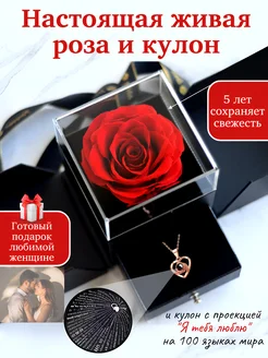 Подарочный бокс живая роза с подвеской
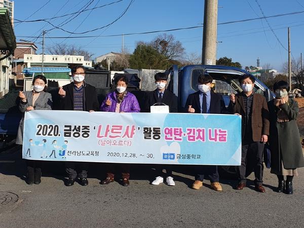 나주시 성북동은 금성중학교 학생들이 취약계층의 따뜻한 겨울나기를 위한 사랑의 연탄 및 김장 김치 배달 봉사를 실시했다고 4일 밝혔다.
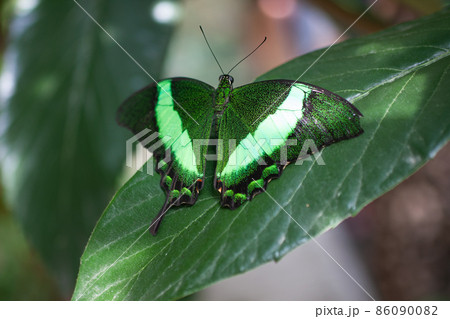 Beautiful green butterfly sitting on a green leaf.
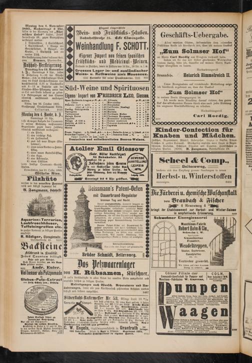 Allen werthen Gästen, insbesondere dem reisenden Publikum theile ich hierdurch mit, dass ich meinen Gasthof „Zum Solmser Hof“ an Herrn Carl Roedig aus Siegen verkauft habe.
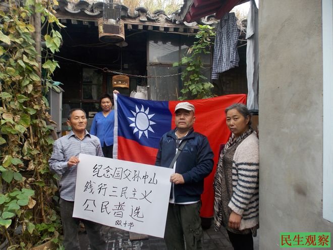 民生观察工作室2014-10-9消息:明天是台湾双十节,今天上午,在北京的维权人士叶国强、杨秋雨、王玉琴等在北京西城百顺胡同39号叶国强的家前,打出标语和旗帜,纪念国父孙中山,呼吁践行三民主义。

________________________________________

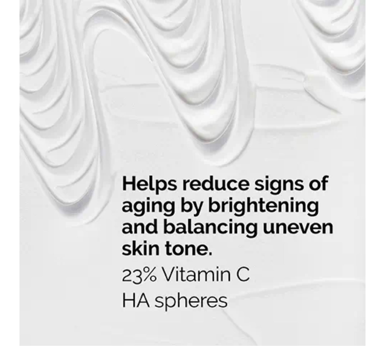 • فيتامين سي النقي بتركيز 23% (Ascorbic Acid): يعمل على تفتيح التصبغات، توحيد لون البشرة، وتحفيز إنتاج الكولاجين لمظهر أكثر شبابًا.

________________________________________

--- TASK STATEMENT ---
Only one stretch of the listing above is to be duplicated: the lines from the one containing "Подарочный бокс живая роза с подвеской" through the one containing "民生观察工作室2014-10", both included. Copy them exactly, minus the pictures.

--- TASK SOLUTION ---
 Подарочный бокс живая роза с подвеской
 나주시 성북동은 금성중학교 학생들이 취약계층의 따뜻한 겨울나기를 위한 사랑의 연탄 및 김장 김치 배달 봉사를 실시했다고 4일 밝혔다.
 Beautiful green butterfly sitting on a green leaf.
 Allen werthen Gästen, insbesondere dem reisenden Publikum theile ich hierdurch mit, dass ich meinen Gasthof „Zum Solmser Hof“ an Herrn Carl Roedig aus Siegen verkauft habe.
 民生观察工作室2014-10-9消息:明天是台湾双十节,今天上午,在北京的维权人士叶国强、杨秋雨、王玉琴等在北京西城百顺胡同39号叶国强的家前,打出标语和旗帜,纪念国父孙中山,呼吁践行三民主义。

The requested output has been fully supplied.